Quickstart¶
In this Anaconda Mosaic quickstart you will learn how to:
- launch Mosaic;
- import your dataset to the Mosaic catalog;
- transform your imported dataset;
- explore your data with visualizations directly available from Mosaic;
- dive deeper into your data from a Jupyter Notebook for further analysis.
If you have not yet installed Mosaic, follow the Install and update instructions.
Launch Mosaic¶
After installing, launch Mosaic:
anaconda-mosaic
Your default browser will open the following window:

Mosaic Opening View
Log in with the username “admin” and the password “admin”.
Working with the sample dataset¶
We provide the classic Iris
dataset as a built-in sample for initial exploration.
To the right you can see the schema information (called Datashape
in
Mosaic) and other metadata about your dataset.
Let’s see a sample of what we can do with Mosaic, starting with data transformations.
You can transform your data by entering Blaze expressions in the input box at the top of the center pane.
The dataset you have imported is always denoted x
. The notation should be
familiar if you have used pandas or blaze before. Enter x[x.sepal_length >
5.0]
in the input box and click Apply
to obtain only those rows where the
sepal length is greater than 5.

Selecting rows from the Iris dataset
When you have large datasets, you can preview your changes by clicking on
Preview
instead of Apply
.
While you can write Blaze expressions manually, you don’t have to. Mosaic helps
you write Blaze expressions by providing buttons to paste in a template of the
selected expression. Let’s try again to select those rows where the sepal
length is greater than 5 using the select
button.

Entering Blaze expressions with a button
Notice the help icon ”?” next to the input box.

Obtaining help about Blaze expressions (a)
Once you click there, you will see direct links to the documentation about that Blaze expression.

Obtaining help about Blaze expressions (b)
The UI provides a template for the transformation.

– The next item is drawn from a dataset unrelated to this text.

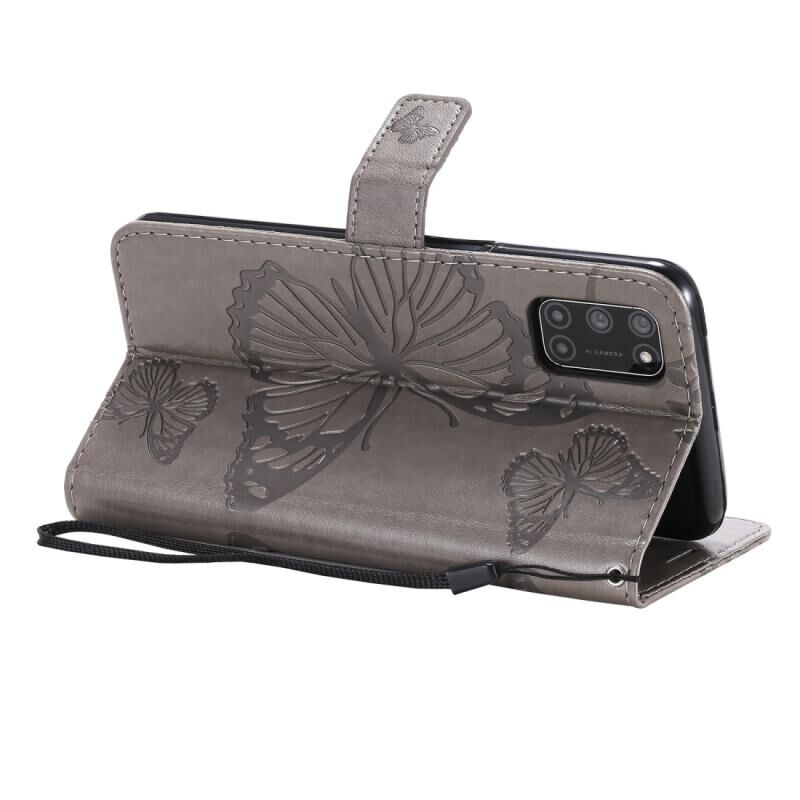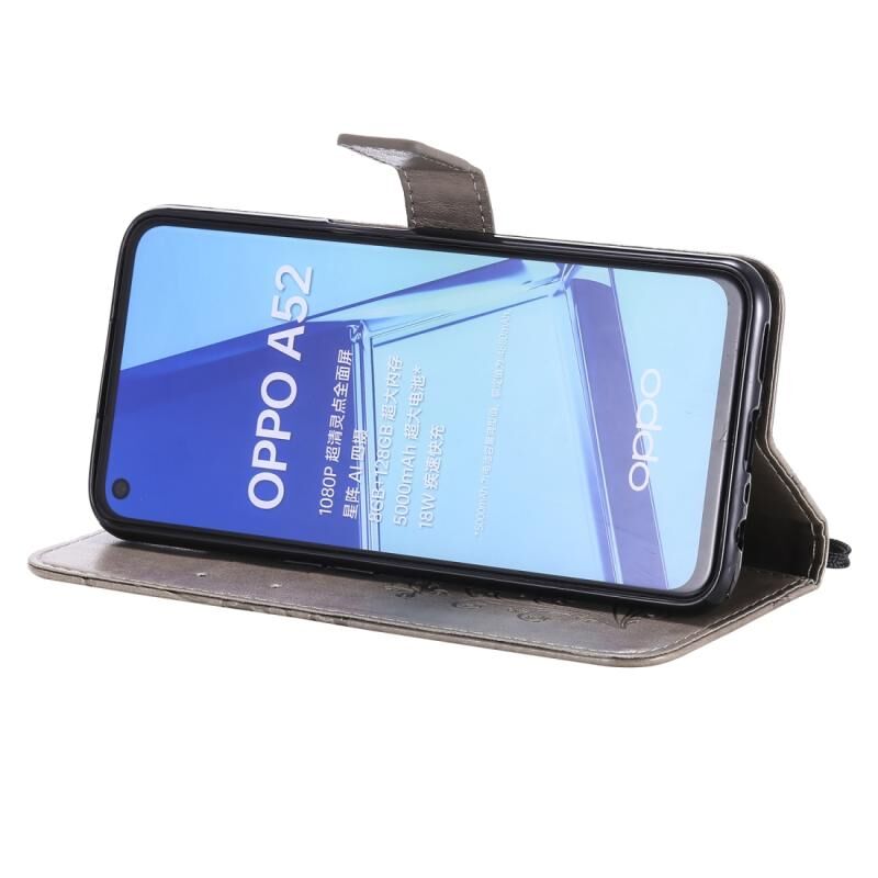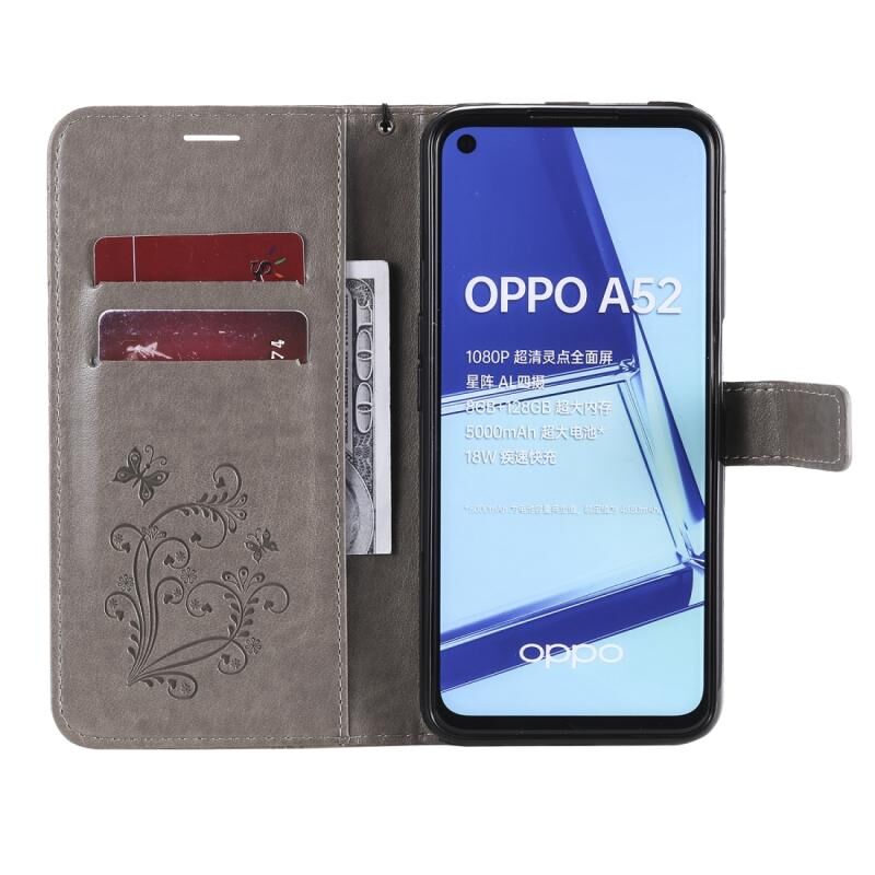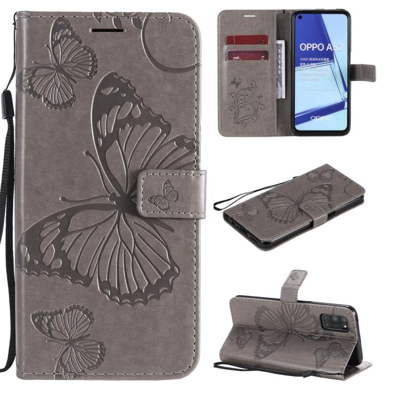 Θήκη δέρματος οριζόντιας αναδίπλωσης με ανάγλυφο σχέδιο 3D πεταλούδων για OPPO A52 / A72 / A92 με βάση στήριξης & υποδοχή κάρτας & πορτοφόλι & κορδόνι (Γκρι)

Go ahead and adapt the
expression so that you obtain x[x.sepal_length > 5]
in the input box and
click Apply
. You should obtain the same results as before.
You can get to the information you need by applying transformations in
sequence. For example, you can find out how many observations of each species
there are in the dataset where the sepal length exceeds 5cm by first applying
the selection we did above, then grouping by species and counting using the
by
expression. Start by clicking on the by
button, then enter
by(x.species, total=x.species.count())
:

Expression to count observations by species where the sepal length exceeds 5

Count of observations by species where the sepal length exceeds 5
Notice below the input box that Mosaic keeps track of the transformations you are applying on your data. With Mosaic you can build your expressions interactively, checking your steps as you go. If you end up with the wrong results at any point, you can just go back a step by clicking on the “x” symbols right next to the sequence of steps that Mosaic recorded.
For more details on writing your own Blaze expressions, consult the Blaze documentation.
Visualize your data¶
Below the input box, in the center, you will find the Table
, Plot
, List
,
and Stats
tabs. By default, you should be in the Table
tab, which shows you
a tabular representation of your data.
In the Plot
tab you can explore your data with Mosaic’s built-in
visualizations.
You can now choose what type of plot you want, such as bar, scatter, and others, choose what variables to place on each axis, and choose how to identify variables with color and size attributes. For example, you can quickly make sense of the Iris dataset by making a scatter plot with the sepal length and width on the axes and color coding the dots according to their species. (Make sure you are working with the original Iris dataset.)

Petal length and width by species
Dive deeper with Jupyter Notebook¶
Mosaic itself is useful for quick exploration of the data and evaluation of simple hypotheses, and Mosaic works with other environments so you can create custom visualizations, use statistical and machine learning models, and dive deeply into your data in any other way.
You can easily switch environments to a Jupyter Notebook and import your data straight from Mosaic by clicking on the button “Open Dataset in New Notebook” at the top right corner.

Opening your dataset in a new notebook
In the notebook you can use the full power of any package in Anaconda to work with your data and obtain the answers you need.
Import your dataset to the Mosaic catalog¶
Now that you have learned the basics of how Mosaic works, you are ready to work with your own data.
To import a dataset to the Mosaic catalog, click the “+” button in the top left corner. After you click that, you should see the following:

Adding a dataset to Mosaic
Add your dataset wth a Uniform Resource Identifier (URI) and choose a name to label it. You may also provide a short description of your data.
Here we will import the same iris.csv
dataset as before.

Importing a CSV file into Mosaic
You should now see the first rows of the Iris dataset, just like before.